Personal information
- Full name: Ricardo Pires Santos Júnior
- Date of birth: 22 September 1987 (age 37)
- Place of birth: Rio de Janeiro, Brazil
- Height: 1.88 m (6 ft 2 in)
- Position(s): Forward

Team information
- Current team: Negeri Sembilan FC
- Number: 9

Youth career
- 2004–2005: Vasco da Gama
- 2006: Barcelona EC

Senior career*
- Years: Team / Apps / (Gls)
- 2008: Depor Aguablanca / 27 / (17)
- 2008–2009: Sportfreunde Siegen / 18 / (9)
- 2009–2010: Tondela / 36 / (10)
- 2010–2011: Independência / 17 / (5)
- 2011–2012: Rio Branco / 20 / (5)
- 2013: Sinop / 31 / (14)
- 2014–2016: Lusitano / 28 / (4)
- 2016: Anadia / 12 / (3)
- 2016–2017: Farense / 8 / (0)
- 2017: Castelo Branco / 10 / (2)
- 2017–2018: Marinhese / 14 / (3)
- 2018–2019: Sertanense / 11 / (2)
- 2019: Samut Sakhon / 11 / (3)
- 2019: Potros UAEM / 5 / (0)
- 2020: Jicaral / 4 / (0)
- 2020–2021: Tarxien Rainbows / 2 / (0)
- 2021–2022: MH Khon Surat City / 10 / (1)
- 2022: Barreirense / 9 / (2)
- 2022: Doxa Drama / 10 / (2)
- 2022–2023: Zakynthos / 13 / (0)
- 2023: Monte Carlo / 0 / (0)
- 2023: Persiraja Banda Aceh / 4 / (2)
- 2024: DP Kanchanaburi / 15 / (7)
- 2024: Negeri Sembilan FC / 10 / (0)

= Ricardo Pires =

Brazilian footballer (born 1987)

Ricardo Pires Santos Júnior (born 22 September 1987), or simply Ricardo Pires, is a professional footballer who plays as a forward for Malaysia Super League club Negeri Sembilan. Born in Brazil, he represents Thailand at international level.

==Club career==
Born in Rio de Janeiro, he joined several overseas clubs, such as Colombia, Germany, Portugal, Thailand, Mexico, Costa Rica, Malta, Greece and finally decided to abroad to East Asia and join Macau Liga de Elite side Monte Carlo for the 2023 season. On 23 August 2023, Pires made his club debut in a 1–2 home lose in the 2023–24 AFC Cup qualifying play-offs against Taiwanese club Taichung Futuro.

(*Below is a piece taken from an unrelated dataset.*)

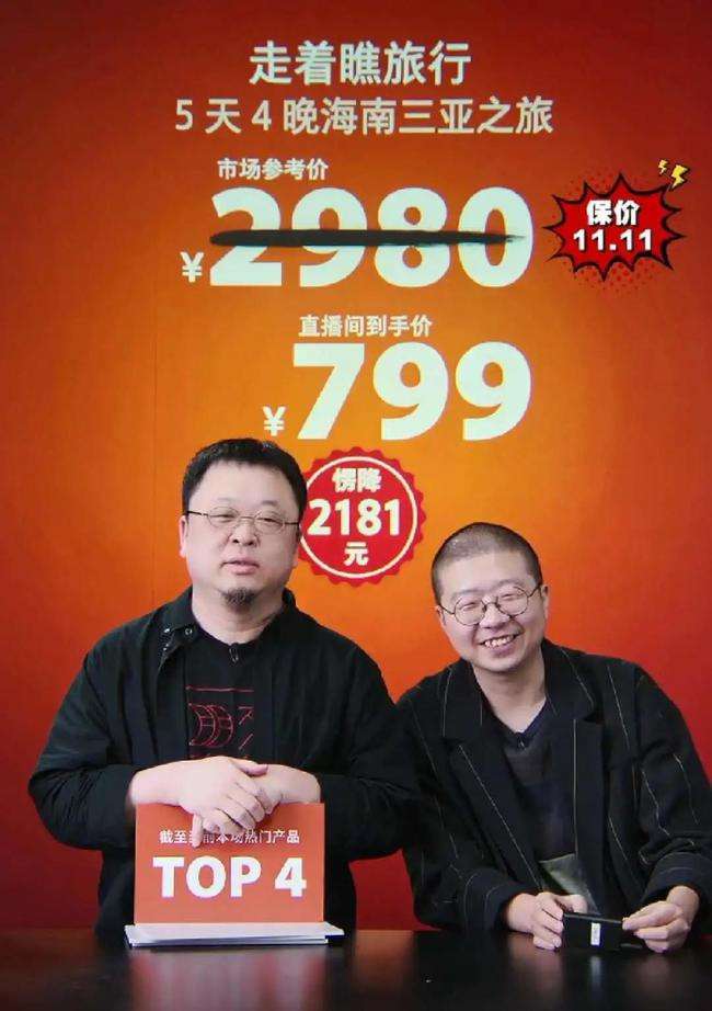 作为首次参加双十一的直播平台,抖音开设了11.11宠粉节,以罗永浩、张庭等明星为首的主播矩阵,大肆发放“福利”单品。以“交个朋友”开启卖货主播生涯的老罗,在“脱口秀大会”当完评委后也成功拖李诞入局,两人在直播间说着相声就把货卖了。
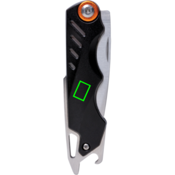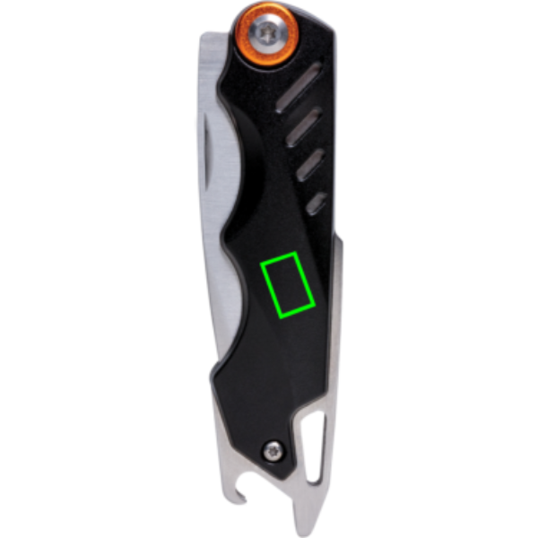 Itin stiprus peilis su 4 funkcijomis. Supakuota prabangioje dovanų dėžutėje su aukštos kokybės 1680D maišeliu. Korpusas iš aliuminio ir nerūdijančio plieno įrankiai. Įrankiai: sulankstomas peiliukas, įdėklo užraktas, diržo segtukas, butelių atidarytuvas.

===Persiraja Banda Aceh===
Ahead of the 2023–24 Liga 2, Pires signed a contract with Persiraja Banda Aceh. Pires made his Persiraja debut in a pre-season International friendly match against Malaysia Super League club PDRM on 3 September 2023, also scored his first goal for the club in a 4–0 win.